I think Twenty20 is rubbish! One Day cricket is just about bearable. Test match is what matters. And Test match is about V.V.S. Laxman and Rahul Dravid batting all day and keeping the Australians at bay. By the way, any team which leaves out (Sourav) Ganguly and Dravid doesn’t bloody well deserve to win!

The best questions on this India tour have come from a 12-year-old girl. The next generation is going to be run by women. I have met a lot of them here. They are all of 8, 9, 10, 11, 12. But they know everything. One of them came up to me and said, When is your next book coming out? I asked her, Have you actually read Only Time Will Tell? Yes, she said. Aaah... I said, but I have written 16 other novels. And she said, I’ve read every one of them. So the future is, unquestionably, with women. You men can sit back and you will be sent to the wilderness.

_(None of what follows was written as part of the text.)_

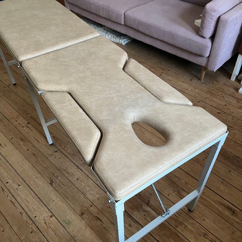 Käytetty hieronta-/ hoitopöytä 50x200. Toimiva, säädettävä ja kohtalaisessa kunnossa

I can’t play the violin. I can’t ballet dance. I can’t sing a song. I can tell a story but I can’t tell you how I do it. It’s a god-gifted talent. But I do work very hard in my beautiful home in London or my home in Cambridge. I am a slave, I am a workaholic. Because I have always believed that energy plus talent and you are a king, talent and no energy and you are a pauper and energy and no talent and you can still be a prince.

I had the privilege of being edited by the great Corlies Smith, who edited JD Salinger. And he told me that if you get yourself into a hole, actually make it twice as difficult. The reader becomes far more passionate as to how you will get out and if you see an easy way out, the reader will also see an easy way out. He taught me that. At the end of Only Time Will Tell, I made it almost impossible for me to get out and it took me nine months to get out. When I first wrote Kane and Abel, I wrote a 120 pages of Kane and then a 120 pages of Abel and then they met. Corlies rang me up from the United States and he told me that he wanted a big change before we met. He said, I want three pages of Abel, three pages of Kane, six pages of Abel, six pages of Kane, 12 pages of Abel, 12 pages of Kane, 20 pages of Abel, 20 pages of Kane and then they meet. Because at the moment you get so excited about Abel, you don’t want to meet Kane and when you read the Kane portion, you get so excited about Kane, you don’t want to meet Abel. Everything was there in those 240 pages. But it was his genius as an editor that he spotted what needed to be done. And that great man once summed up the difference between a writer and an editor — the first draft. Very cruel line!

In a short story you have to know the last line because there’s always a twist in all my short stories. And that’s only 20 pages. In a novel, I vaguely know where I am going from a third of the novel.

I love storytellers. I have to tell you that I have not gone beyond page 17 of Ulysses. Come on, how many of you have read Patrick White? Two, three, four of you? How many of you have read RK Narayan? All of you. I love Narayan. I love Francis Scott Fitzgerald. What a miracle command over the language. I love Charles Dickens… his minor characters were more important than the major characters. I love (Alexandre) Dumas’s The Count of Monte Cristo. I love 39 Steps. I want a beginning, middle and end. I want to turn the page.

I don’t want the Nobel Prize. What I want is another 100 million readers. Roald Dahl told me, you are my successor.... Now they are giving me awards in France and Germany. But I was always referred to as the cheap storyteller, the airport novelist. I had to live with that.